Repertory Dance Company
Gina T’ai
The purpose of Repertory Dance Company is to provide students the tools and
opportunity to build a dance company. There are artistic and pedagogical
components, as well entrepreneurial and business management components.
Students in the course will have the opportunity to perform, teach, and
choreograph, while simultaneously practicing writing grants, writing a mission
statement, and budgeting. The Company’s outreach objective is to facilitate dance
exposure and education in the public schools and the greater Beloit community by
creating and performing shows and teaching workshops. Through immersion in a
guided, experiential learning environment, students will gain practice in creating
and maintaining many elements of a non-profit arts organization.
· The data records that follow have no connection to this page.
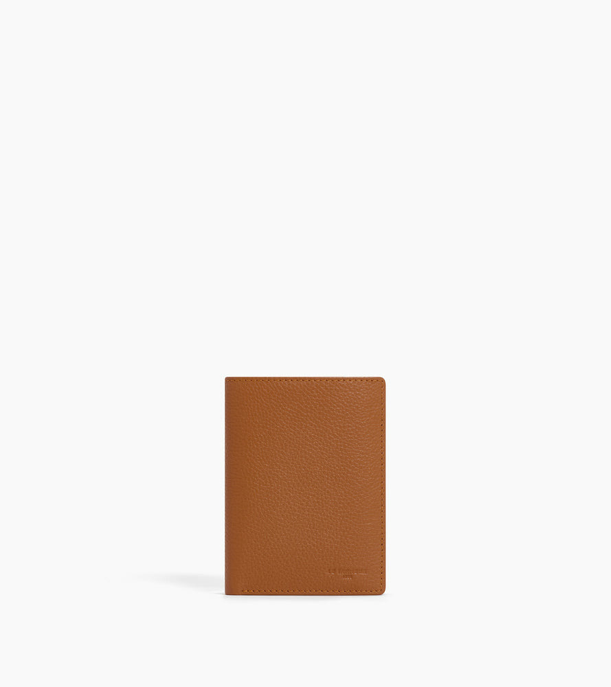 Portefeuille vertical moyen modèle zippé deux volets avec marquage Le Tanneur ton sur ton et piqûres contrastées.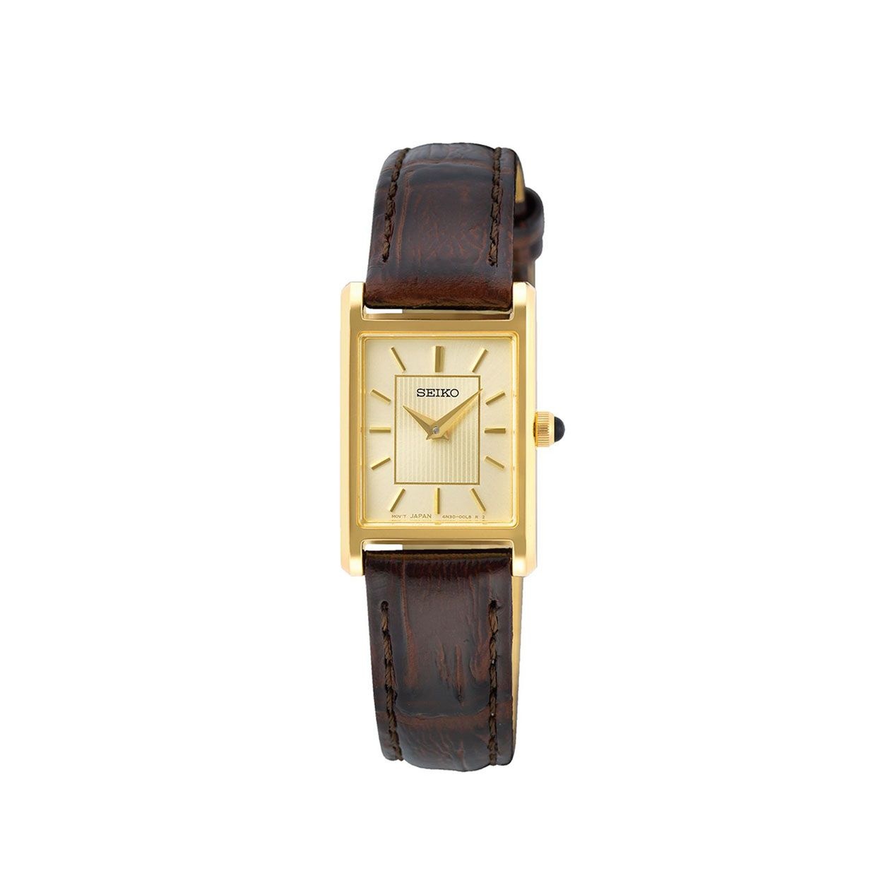 Dit horloge heeft een geelgoudkleurige analoge wijzerplaat met een geelgoudkleurige kast (19,60 mm diameter) en is voorzien van saffierglas. Het horloge is voorzien van een quartz (batterij) uurwerk en is 50 ATM/Bar (50m) waterdicht. Het horloge heeft geen extra functies. Voor meer informatie over Seiko gaat u naar www.seiko.nl.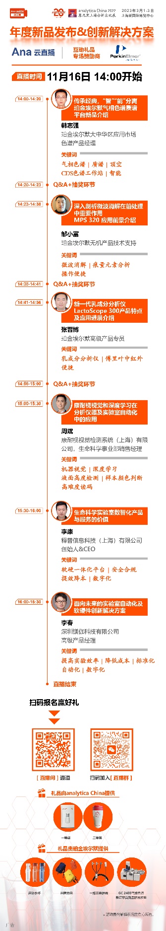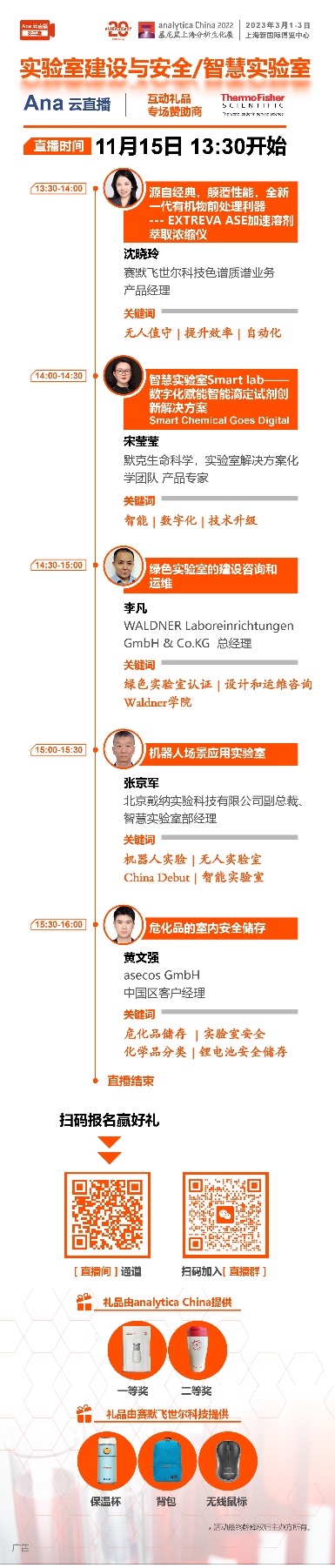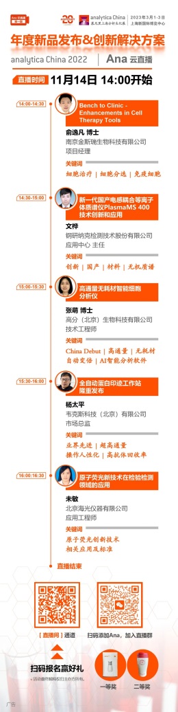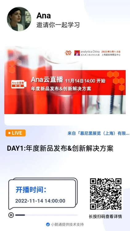 作为世界分析、实验室技术、诊断和生化技术风向标盛会, 2022慕尼黑上海分析生化展( analytica China 2022)将延续在线直播服务——《Ana云直播》,于11月14日14:00开播!面向20万+政府、科研、临床、企业实验室负责人、研发、质量控制人员、实验室仪器与设备厂家及实验室设计与规划单位;邀请行业大咖及企业专家等重量级嘉宾亲临直播间,带来科学技术和行业技术的分享与交流。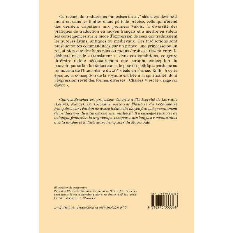 Ce recueil de traductions françaises du XIVe siècle est destiné à montrer, dans les limites d’une période précise, celle qui s’étend des derniers Capétiens aux premiers Valois, la diversité des pratiques de traduction en moyen français et à mettre en valeur ses conséquences sur le mode d’expression de ceux qui traduisaient les auteurs latins, antiques ou médiévaux. Ces traductions sont presque toutes commanditées par un prince, une princesse ou un roi, si bien que des liens plus ou moins étroits se tissent entre le dédicataire et le « translateur » ; dans ces conditions, ce genre littéraire reflète nécessairement une certaine conception du pouvoir que se fait le traducteur, et le pouvoir politique participe au renouveau de l’humanisme du XIVe siècle en France. Enfin, à cette époque, la conception de la royauté est liée à la spiritualité, dont l’expression revêt des formes diverses : Charles V est le « sage roi dévot ».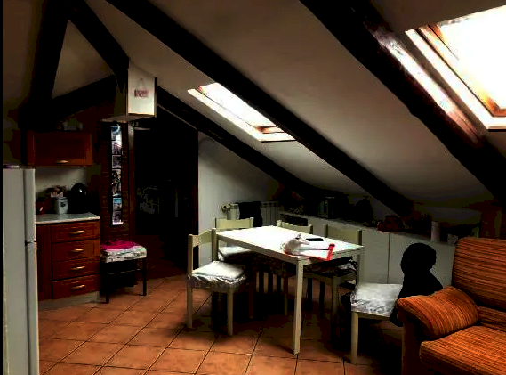 Alloggio al piano sottotetto (terzo piano fuori terra) composto da ingresso, soggiorno con angolo cottura, camera, bagno e altra porzione di sottotetto non abitabile, oltre autorimessa al piano interrato.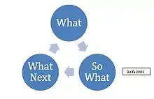 Terry Borton's 1970 book Reach, Touch, and Teach popularized a simple learning cycle inspired by Gestalt therapy composed of three questions which ask the practitioner: What, So what, and Now what?[15] Through this analysis, a description of a situation is given which then leads into the scrutiny of the situation and the construction of knowledge that has been learnt through the experience. Subsequently, practitioners reflect on ways in which they can personally improve and the consequences of their response to the experience. Borton's model was later adapted by practitioners outside the field of education, such as the field of nursing and the helping professions.[16]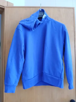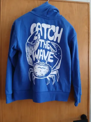Felpa con cappuccio e stampa sul retro. - Stampa Catch the Wave con un granchio. - Colore blu vivace. - Polsini e fondo a costine.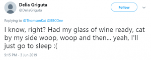 Someone else wrote back: “I know, right? Had my glass of wine ready, cat by my side woop, woop and then… yeah, I’ll just go to sleep.”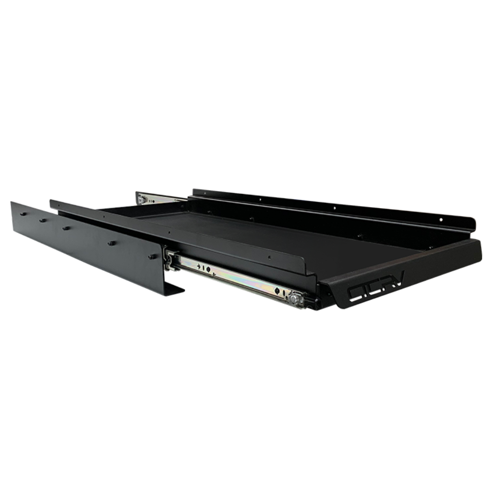 Coast RV 250-07400 Slide Out Tray – 1050mm x 475mm. Australian Made. Experience ultimate convenience with our slide-out tray, designed to effortlessly access stored items and eliminate the hassle of hard-to-reach spaces. Featuring a robust 125KG capacity, it accommodates substantial loads, catering to various storage needs with ease. Crafted from premium aluminium and coated in durable Interpon Textura Black, this tray guarantees unmatched durability and longevity. |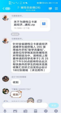 为了帮助贫困学生及时上网课,做到停课不停学,经管学院为院内56名湖南省籍建档立卡家庭经济困难学生提供了每人20G的湖南省内手机助学流量包,切实保障了贫困学生无障碍参与线上学习。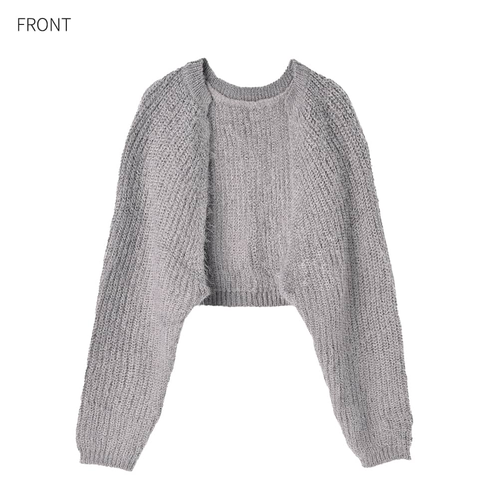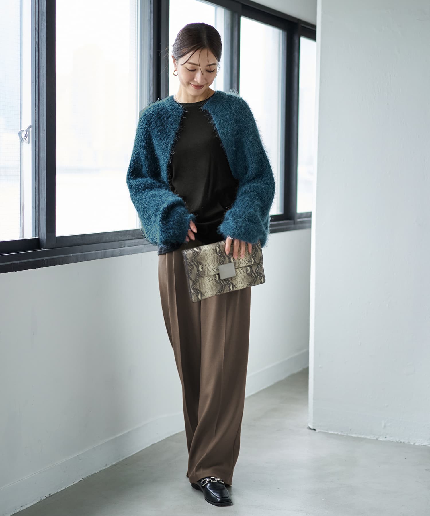 ◆扱いやすさと暖かさ、肌触りの良さで大人気のふわふわシャギー素材を使用したニットボレロ。ボレロのみならず肩掛けストールや腰巻き、マフラーにしたりと、お好みの使い方で着こなしのアレンジやポイントを作ってくれるアイテムです。厚手のシャギーだとそうはいきませんが、割と薄手で軽やかな素材感がそれを叶えます。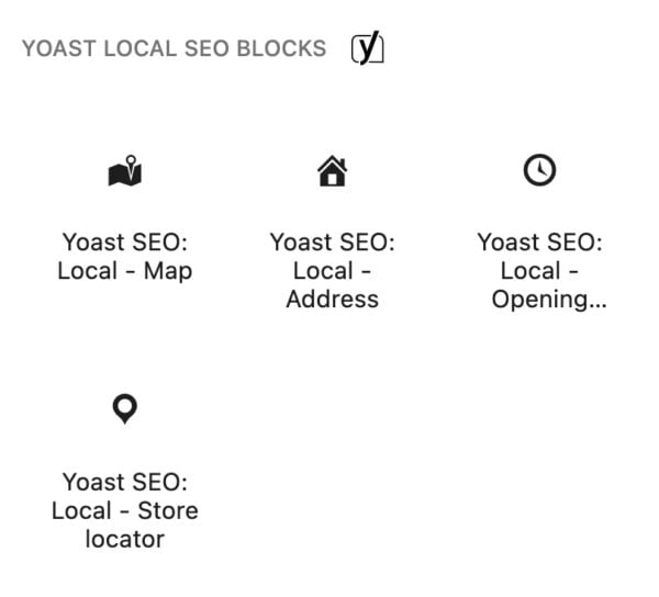 With the block editor, you can add Yoast Local SEO blocks by clicking on the + plus sign and searching for the individual blocks or scrolling down to the Yoast Local SEO blocks. You can find the following blocks: Map, Address, Opening Hours, and Store locator. These blocks are also available as shortcodes or buttons.

Language Partners: Beloit and Kaifeng
Daniel Youd
Lab modules will pair all Beloit students in first- and second-year Chinese courses
with counterparts in English language courses at Henan University, our exchange
partner, in Kaifeng, China. Students will connect twice weekly for 30-minute
sessions via a technology such as Skype to work on various activities designed to
strengthen speaking and listening skills in the respective target languages (Chinese
for the Beloit students; English for the Henan University students). The project will
necessitate the creation of a lab manual and ongoing collaboration between Daniel
and faculty at Henan University.
Philosophy and Children
Robin Zebrowski
This project builds off of the movement begun in the 1970s by Matthew Lipman that
aims to bring philosophical perspectives into the lives of young children in a
rigorous way. To this end, Robin’s project, in collaboration with Heath Massey in
Philosophy and Carol Wickersham in LAPC, will bring Beloit College’s introductory
philosophy students into local classrooms, armed with children’s books such as Dr.
Seuss classics and others. Merely through reading the texts to the children and
guiding them with well-crafted questions, the Beloit College philosophy students are
able to introduce philosophical thought, a precursor of critical thinking, into the
lives of young elementary school children, at a time that they can greatly benefit
from it developmentally and academically. And as we all know, teaching is one of
the best methods for learning, which gives our philosophy students an advantage
toward understanding these very same questions.